*Task prompt*.
When you have gone through the entries below, state how many lines include the word "their" and write nothing else.

*Data for analysis*.

- - -

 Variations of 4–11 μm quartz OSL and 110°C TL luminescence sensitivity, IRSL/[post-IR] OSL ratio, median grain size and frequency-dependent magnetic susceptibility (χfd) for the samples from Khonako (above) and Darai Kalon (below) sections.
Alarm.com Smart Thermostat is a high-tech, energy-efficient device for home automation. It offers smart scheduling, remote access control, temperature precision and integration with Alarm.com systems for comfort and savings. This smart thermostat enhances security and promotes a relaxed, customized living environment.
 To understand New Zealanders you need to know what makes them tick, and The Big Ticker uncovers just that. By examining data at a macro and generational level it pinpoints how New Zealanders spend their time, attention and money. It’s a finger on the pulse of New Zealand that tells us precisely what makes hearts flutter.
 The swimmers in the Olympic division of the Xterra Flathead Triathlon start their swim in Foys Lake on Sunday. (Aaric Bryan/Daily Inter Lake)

- - -

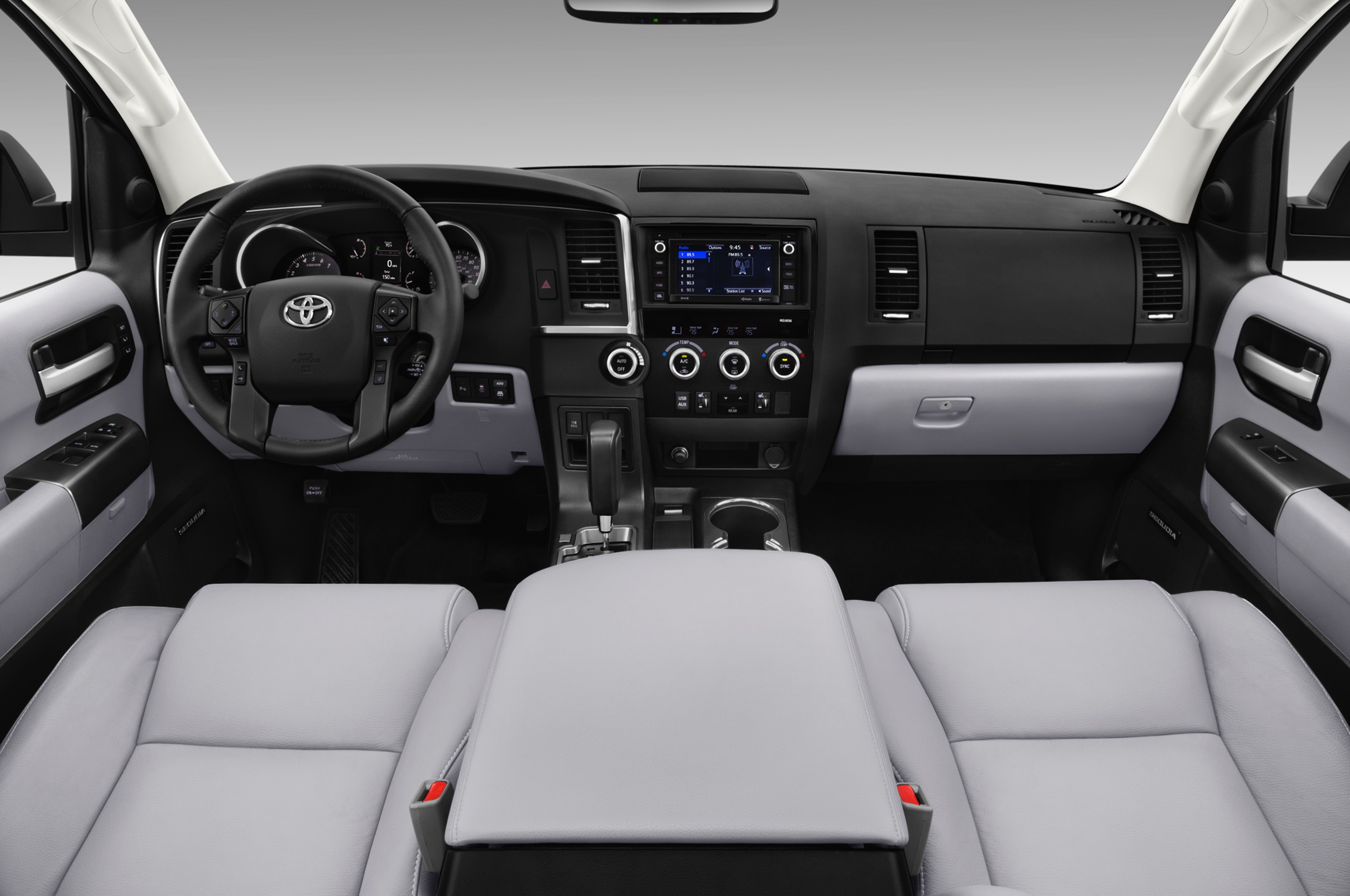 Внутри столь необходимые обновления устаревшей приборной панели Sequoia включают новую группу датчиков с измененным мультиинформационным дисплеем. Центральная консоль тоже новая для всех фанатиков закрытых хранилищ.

- - -

*Answer box*.
2